Repeat only the lines from the one containing "Growth curves of" to the final line below, exactly as they read, and leave every picture out.

Records from a data source
....

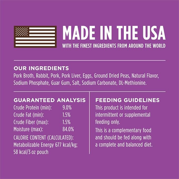 - NATURAL WET CAT FOOD TOPPER WITH SAVORY GRAVY: Grain free cuts of farm raised rabbit in a savory gravy. Made without grain, potato, corn, wheat, soy, carrageenan, artificial colors or preservatives - ingredients known to trigger food sensitivities.
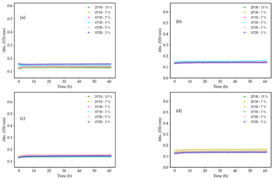 Growth curves of the (a) C. albicans, (b) C. tropicalis, (c) C. krusei, and (d) C. glabrata in the presence of the 1P2B (3% and 5% w/w), 1P1B (3% and 7% w/w), and 2P1B (7% and 15% w/w). Experiments performed in duplicate.
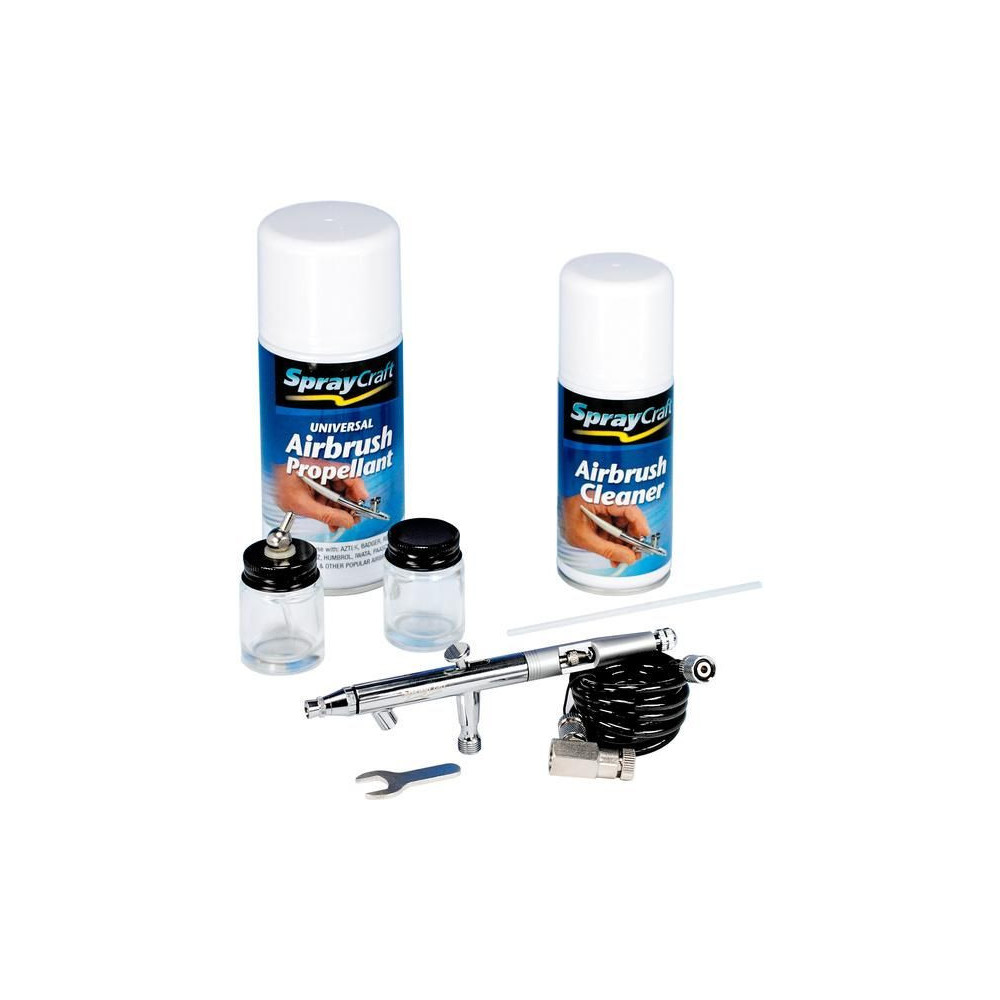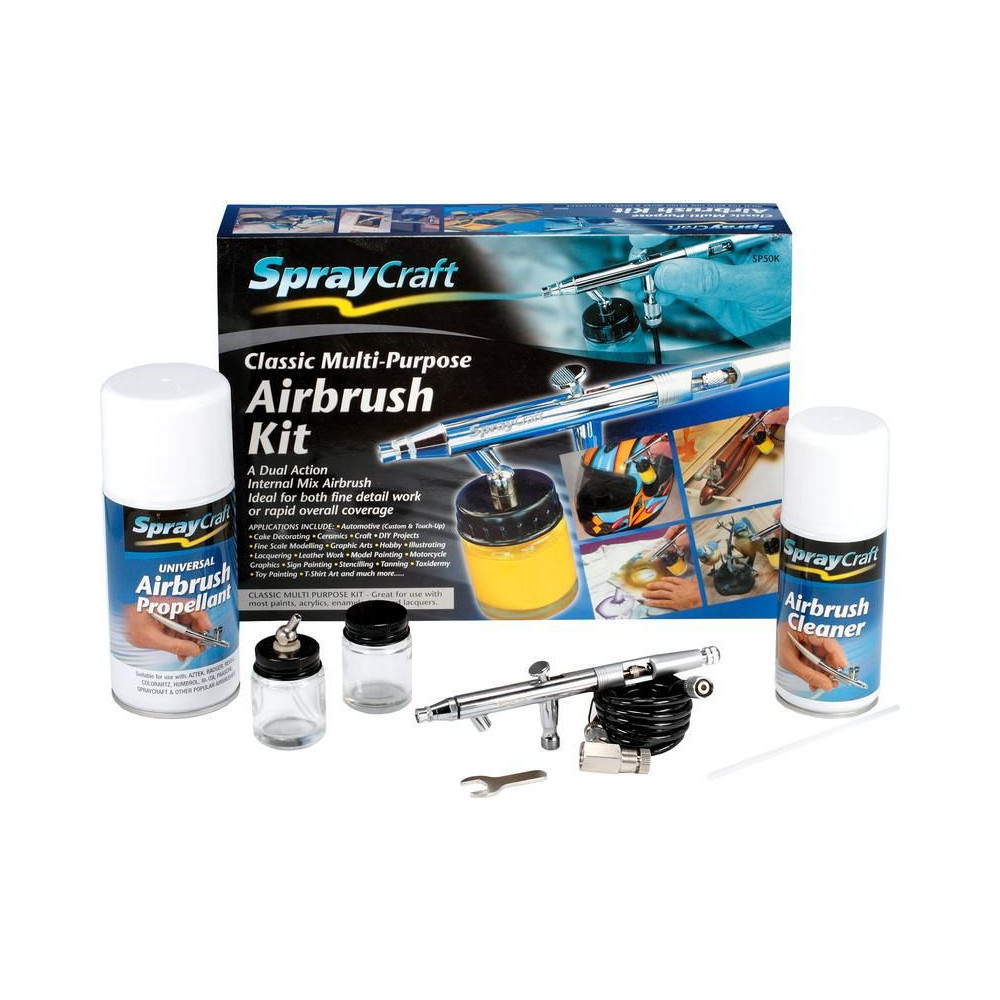 A Spraycraft SP50K Airbrush szórópisztoly készlet egy komplett készlet, amely tartalmazza a pisztolyt, a csatlakozótömlőt, a nyomástartó edényt szerelvénnyel, a tisztítóspray-t, az üvegfestéktartályt a pisztolyhoz, a tartalék tégelyt és a szerelőkulcsot. Ideális kisebb tárgyakhoz, készletekhez stb.
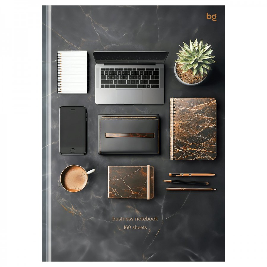 Блокнот 160 листов А5 клетка, твердая обложка Бизнес Рабочий стол глянцевая ламинация 381643 BG ББ5т160_лг 09862
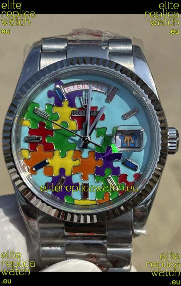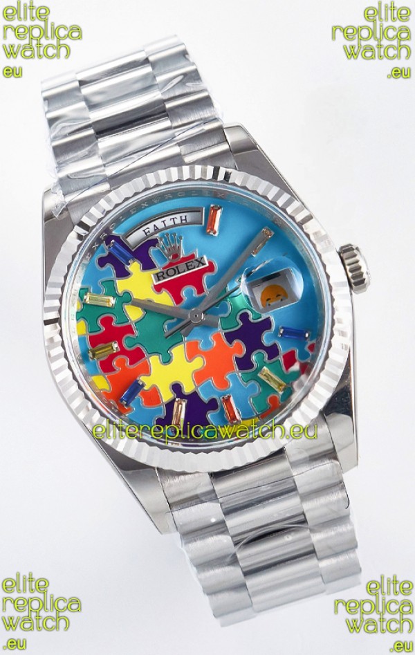Rolex Day Date Emoji Jig-Saw Puzzle Stainless Steel Casing Swiss Replica Watch

....

WRITTEN SOLUTION →
 Growth curves of the (a) C. albicans, (b) C. tropicalis, (c) C. krusei, and (d) C. glabrata in the presence of the 1P2B (3% and 5% w/w), 1P1B (3% and 7% w/w), and 2P1B (7% and 15% w/w). Experiments performed in duplicate.
 A Spraycraft SP50K Airbrush szórópisztoly készlet egy komplett készlet, amely tartalmazza a pisztolyt, a csatlakozótömlőt, a nyomástartó edényt szerelvénnyel, a tisztítóspray-t, az üvegfestéktartályt a pisztolyhoz, a tartalék tégelyt és a szerelőkulcsot. Ideális kisebb tárgyakhoz, készletekhez stb.
 Блокнот 160 листов А5 клетка, твердая обложка Бизнес Рабочий стол глянцевая ламинация 381643 BG ББ5т160_лг 09862
Rolex Day Date Emoji Jig-Saw Puzzle Stainless Steel Casing Swiss Replica Watch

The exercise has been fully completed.